## EXERCISE AIM:
Give back the listing in full and exactly, leaving out the images.

===== STUDY MATERIAL =====

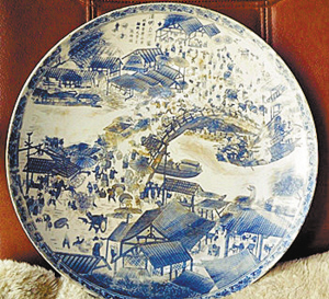 青花“上河”風(fēng)情素雅。青花是我國(guó)瓷器藝術(shù)的精華,以其素雅恬淡、意境遼闊而受到青睞。清代的青花,多為仿制明永樂(lè)宣德年間的蘇麻離青,工藝精細(xì),修胎講究,質(zhì)量上乘。我收藏一只清朝乾隆年間制作的青花大盤(pán),直徑35.3厘米,它屬于一種裝飾用的盤(pán)子,實(shí)用性不強(qiáng),叫“大盤(pán)”。在大盤(pán)上,橋梁房屋,流水行人,熙熙攘攘、熱熱鬧鬧,逼真的龍船,擎著的油紙傘,擔(dān)子車(chē)馬,無(wú)論坐著的,站著的,還是行走著的,都透露出安閑自得的模樣,那是宋人獨(dú)有的氣韻。盤(pán)子的左上角有“清明上河圖”“北宋宮廷畫(huà)家翰林大學(xué)士張擇端”的字樣,模仿歸模仿,還是要注明“版權(quán)”的。在盤(pán)子的底部,有“乾隆年制”的印章,當(dāng)為乾隆年間的作品。
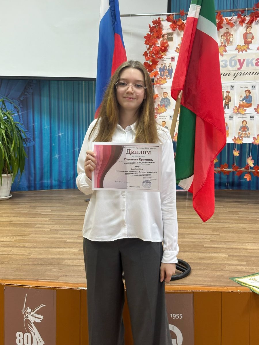 Поздравляем призеров школьного этапа Всероссийской и республиканской олимпиад школьников по истории Татарстана и татарского народа:Петрову Е., ученицу 10 класса, Панишеву А., ученицу 9 класса, Гумерова С., ученика 8 класса, Кондратьева Г., ученика 8 класса, Есипова М., ученика 8 класса,Илюхина К., ученика 8 класса (учитель Аюпова З.А.)
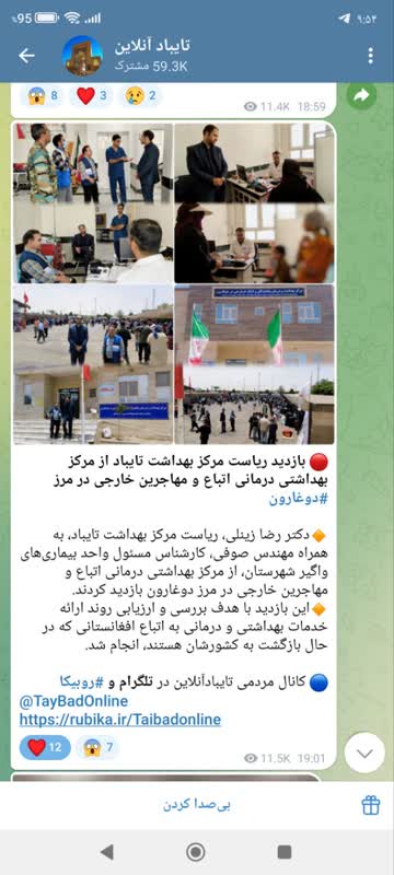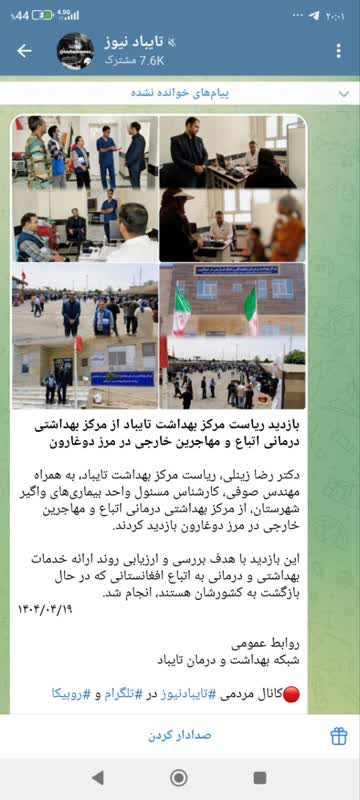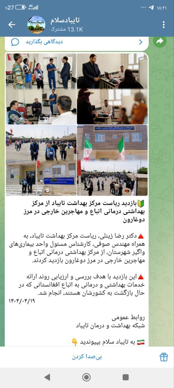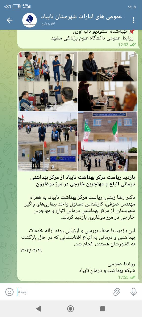 دکتر رضا زینلی، ریاست مرکز بهداشت تایباد، به همراه مهندس صوفی، کارشناس مسئول واحد بیماری‌های واگیر شهرستان، از مرکز بهداشتی درمانی اتباع و مهاجرین خارجی در مرز دوغارون بازدید کردند. این بازدید با هدف بررسی و ارزیابی روند ارائه خدمات بهداشتی و درمانی به اتباع افغانستانی که در حال بازگشت به کشورشان هستند، انجام شد.
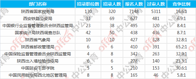 截至到3日9時,通過審核人數前三位的部門依次是:陜西省國家稅務局、西安鐵路公安局、中國銀行業監督管理委員會陜西監管局,三部門通過審核總人數達6112人,占通過審核總人數的75.1%。
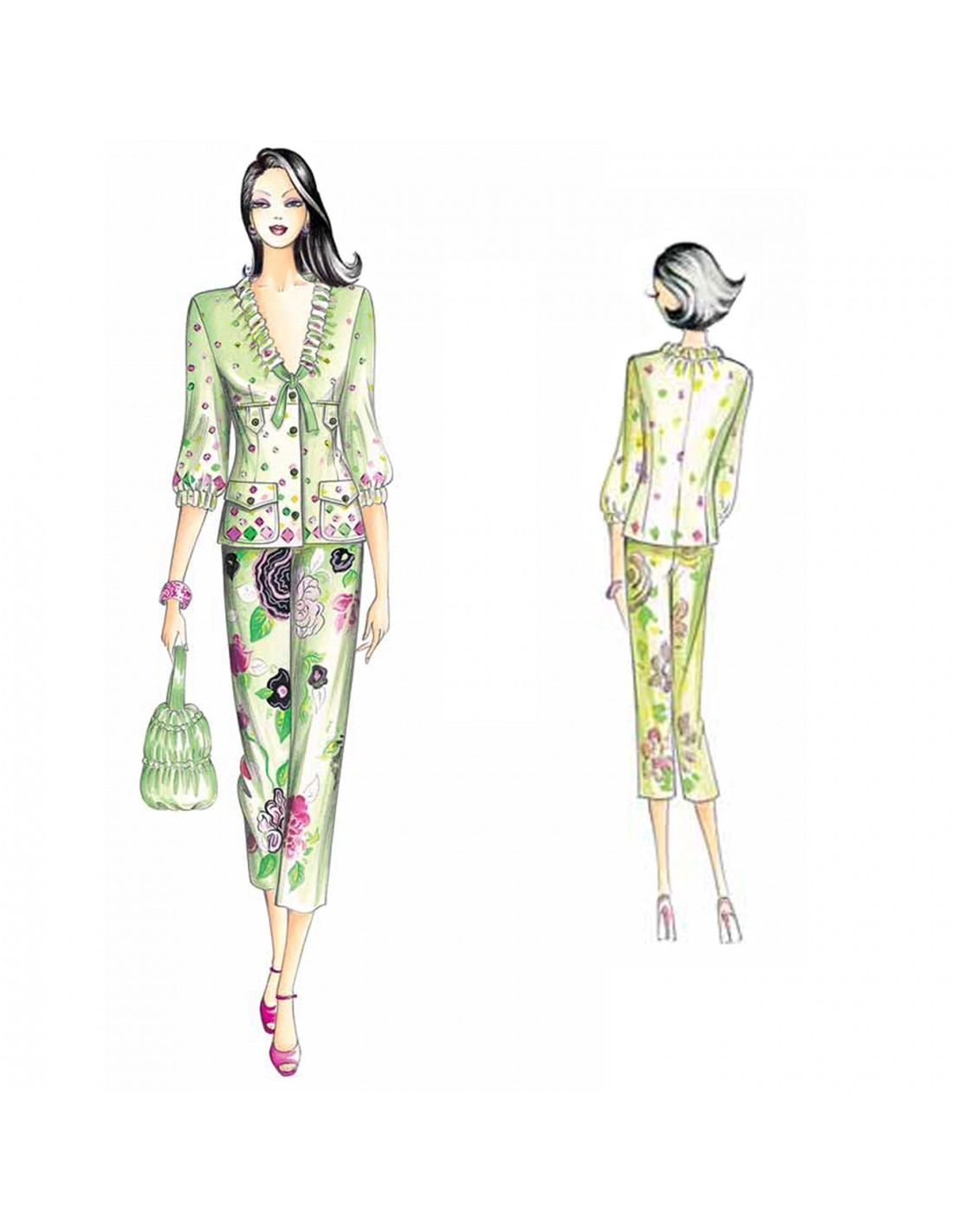 Blusa de línea modelada y corte imperio donde se insertan bolsillos parcheados y tiras, cuello fruncido con cinta de paso, bolsillos de parche y mangas 3/4 fruncidas en los puños. Se puede hacer en chifón, lino, punto, muselina de algodón.
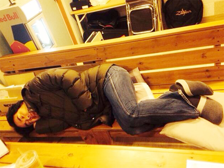 [천지일보=강은영 기자] 밴드 ‘장기하와 얼굴들’의 멤버 양평이형의 자는 모습이 공개됐다.
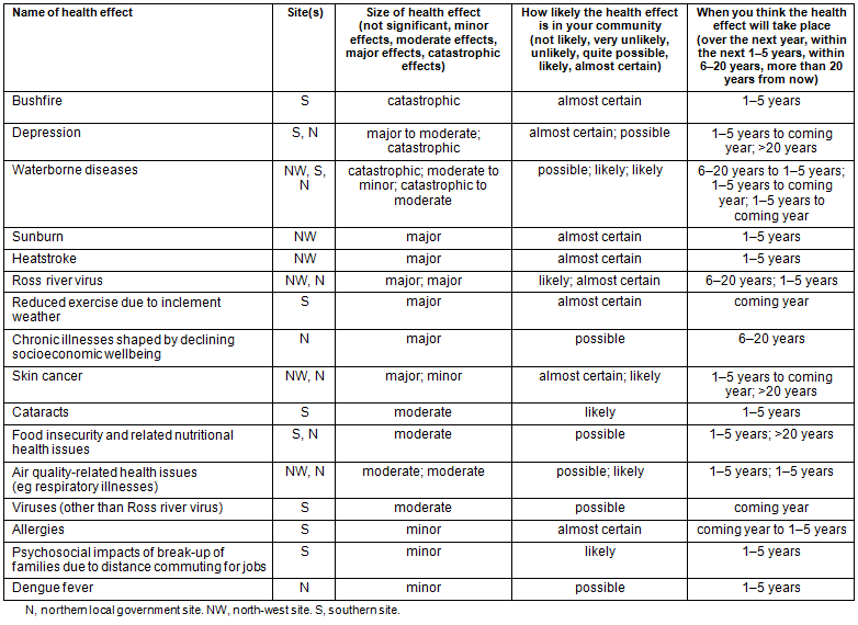 Table 1 describes the health risks identified by participants in the site working individually, as part of step 4 of the workshop asking them to identify 'what might happen in the near or distant future' for their local government region. The results in the table suggest that community members identified perceived catastrophic effects that are 'likely' to 'almost certain' to occur, as well as myriad other health effects with lesser expected impacts, likelihood and immediacy.
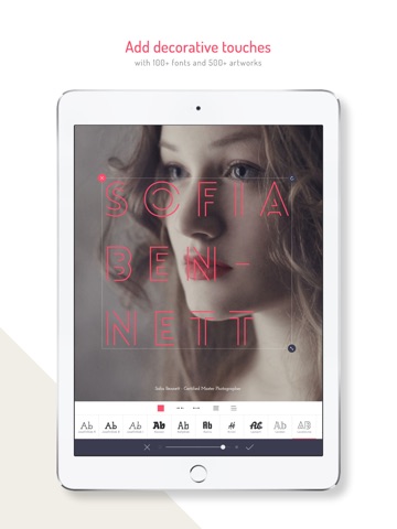 Apply dramatic filters, cool effects, add eye-catching typography and artworks to your photos.
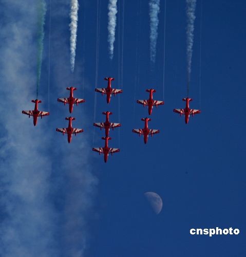 11月6日,印度空軍“陽光”飛行表演隊(duì)的9架飛機(jī)在第七屆珠海“航展”上為觀眾作了數(shù)十個(gè)飛行科目表演。中新社發(fā) 譚超 攝
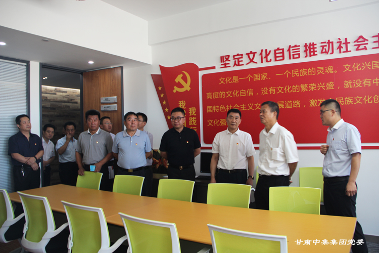 調(diào)研組一行首先參觀了集團(tuán)公司黨委宣傳陣地、黨員活動(dòng)室、談心談話室、閱覽室、健身中心等,通過(guò)查看黨支部建設(shè)標(biāo)準(zhǔn)化資料、聽(tīng)取專題工作匯報(bào)和現(xiàn)場(chǎng)交談后,韓 旭副局長(zhǎng)對(duì)甘肅中集集團(tuán)黨委創(chuàng)新工作思路給予充分肯定,重點(diǎn)對(duì)黨支部建設(shè)標(biāo)準(zhǔn)化、樓宇黨建工作特色和亮點(diǎn),特別是集團(tuán)公司黨委開(kāi)辟了非公經(jīng)濟(jì)組織黨建工作的新路子、在開(kāi)展 “三崗聯(lián)創(chuàng)”、“三亮”、“立足崗位做貢獻(xiàn)”等活動(dòng)中取得優(yōu)異成績(jī)給予充分肯定。他強(qiáng)調(diào):“甘肅中集集團(tuán)黨委黨建工作抓住了非公企業(yè)黨建存在問(wèn)題的關(guān)鍵,充分發(fā)揮了黨組織的政治優(yōu)勢(shì)和組織優(yōu)勢(shì),通過(guò)黨員隊(duì)伍建設(shè)和加強(qiáng)組織力,提高了企業(yè)經(jīng)營(yíng)管理水平,黨建各項(xiàng)工作求真務(wù)實(shí),開(kāi)拓創(chuàng)新”。他現(xiàn)場(chǎng)向西北五省、市非公黨建負(fù)責(zé)人強(qiáng)調(diào):“要以此次觀摩為契機(jī),認(rèn)真學(xué)習(xí)借鑒甘肅中集集團(tuán)黨委的成功經(jīng)驗(yàn)和做法,特別是把黨支部建設(shè)在樓宇、打造紅色紐帶工程和深入推進(jìn)黨支部建設(shè)標(biāo)準(zhǔn)化、強(qiáng)化組織建設(shè)、創(chuàng)新活動(dòng)方式、營(yíng)造非公經(jīng)濟(jì)組織黨建工作的濃厚氛圍、為提升樓宇總部經(jīng)濟(jì)高質(zhì)量發(fā)展提供堅(jiān)強(qiáng)的政治保障和組織保障方面要大力學(xué)習(xí)和推廣!

=====

## RESULT OF THE TASK:
 青花“上河”風(fēng)情素雅。青花是我國(guó)瓷器藝術(shù)的精華,以其素雅恬淡、意境遼闊而受到青睞。清代的青花,多為仿制明永樂(lè)宣德年間的蘇麻離青,工藝精細(xì),修胎講究,質(zhì)量上乘。我收藏一只清朝乾隆年間制作的青花大盤(pán),直徑35.3厘米,它屬于一種裝飾用的盤(pán)子,實(shí)用性不強(qiáng),叫“大盤(pán)”。在大盤(pán)上,橋梁房屋,流水行人,熙熙攘攘、熱熱鬧鬧,逼真的龍船,擎著的油紙傘,擔(dān)子車(chē)馬,無(wú)論坐著的,站著的,還是行走著的,都透露出安閑自得的模樣,那是宋人獨(dú)有的氣韻。盤(pán)子的左上角有“清明上河圖”“北宋宮廷畫(huà)家翰林大學(xué)士張擇端”的字樣,模仿歸模仿,還是要注明“版權(quán)”的。在盤(pán)子的底部,有“乾隆年制”的印章,當(dāng)為乾隆年間的作品。
 Поздравляем призеров школьного этапа Всероссийской и республиканской олимпиад школьников по истории Татарстана и татарского народа:Петрову Е., ученицу 10 класса, Панишеву А., ученицу 9 класса, Гумерова С., ученика 8 класса, Кондратьева Г., ученика 8 класса, Есипова М., ученика 8 класса,Илюхина К., ученика 8 класса (учитель Аюпова З.А.)
 دکتر رضا زینلی، ریاست مرکز بهداشت تایباد، به همراه مهندس صوفی، کارشناس مسئول واحد بیماری‌های واگیر شهرستان، از مرکز بهداشتی درمانی اتباع و مهاجرین خارجی در مرز دوغارون بازدید کردند. این بازدید با هدف بررسی و ارزیابی روند ارائه خدمات بهداشتی و درمانی به اتباع افغانستانی که در حال بازگشت به کشورشان هستند، انجام شد.
 截至到3日9時,通過審核人數前三位的部門依次是:陜西省國家稅務局、西安鐵路公安局、中國銀行業監督管理委員會陜西監管局,三部門通過審核總人數達6112人,占通過審核總人數的75.1%。
 Blusa de línea modelada y corte imperio donde se insertan bolsillos parcheados y tiras, cuello fruncido con cinta de paso, bolsillos de parche y mangas 3/4 fruncidas en los puños. Se puede hacer en chifón, lino, punto, muselina de algodón.
 [천지일보=강은영 기자] 밴드 ‘장기하와 얼굴들’의 멤버 양평이형의 자는 모습이 공개됐다.
 Table 1 describes the health risks identified by participants in the site working individually, as part of step 4 of the workshop asking them to identify 'what might happen in the near or distant future' for their local government region. The results in the table suggest that community members identified perceived catastrophic effects that are 'likely' to 'almost certain' to occur, as well as myriad other health effects with lesser expected impacts, likelihood and immediacy.
 Apply dramatic filters, cool effects, add eye-catching typography and artworks to your photos.
 11月6日,印度空軍“陽光”飛行表演隊(duì)的9架飛機(jī)在第七屆珠海“航展”上為觀眾作了數(shù)十個(gè)飛行科目表演。中新社發(fā) 譚超 攝
 調(diào)研組一行首先參觀了集團(tuán)公司黨委宣傳陣地、黨員活動(dòng)室、談心談話室、閱覽室、健身中心等,通過(guò)查看黨支部建設(shè)標(biāo)準(zhǔn)化資料、聽(tīng)取專題工作匯報(bào)和現(xiàn)場(chǎng)交談后,韓 旭副局長(zhǎng)對(duì)甘肅中集集團(tuán)黨委創(chuàng)新工作思路給予充分肯定,重點(diǎn)對(duì)黨支部建設(shè)標(biāo)準(zhǔn)化、樓宇黨建工作特色和亮點(diǎn),特別是集團(tuán)公司黨委開(kāi)辟了非公經(jīng)濟(jì)組織黨建工作的新路子、在開(kāi)展 “三崗聯(lián)創(chuàng)”、“三亮”、“立足崗位做貢獻(xiàn)”等活動(dòng)中取得優(yōu)異成績(jī)給予充分肯定。他強(qiáng)調(diào):“甘肅中集集團(tuán)黨委黨建工作抓住了非公企業(yè)黨建存在問(wèn)題的關(guān)鍵,充分發(fā)揮了黨組織的政治優(yōu)勢(shì)和組織優(yōu)勢(shì),通過(guò)黨員隊(duì)伍建設(shè)和加強(qiáng)組織力,提高了企業(yè)經(jīng)營(yíng)管理水平,黨建各項(xiàng)工作求真務(wù)實(shí),開(kāi)拓創(chuàng)新”。他現(xiàn)場(chǎng)向西北五省、市非公黨建負(fù)責(zé)人強(qiáng)調(diào):“要以此次觀摩為契機(jī),認(rèn)真學(xué)習(xí)借鑒甘肅中集集團(tuán)黨委的成功經(jīng)驗(yàn)和做法,特別是把黨支部建設(shè)在樓宇、打造紅色紐帶工程和深入推進(jìn)黨支部建設(shè)標(biāo)準(zhǔn)化、強(qiáng)化組織建設(shè)、創(chuàng)新活動(dòng)方式、營(yíng)造非公經(jīng)濟(jì)組織黨建工作的濃厚氛圍、為提升樓宇總部經(jīng)濟(jì)高質(zhì)量發(fā)展提供堅(jiān)強(qiáng)的政治保障和組織保障方面要大力學(xué)習(xí)和推廣!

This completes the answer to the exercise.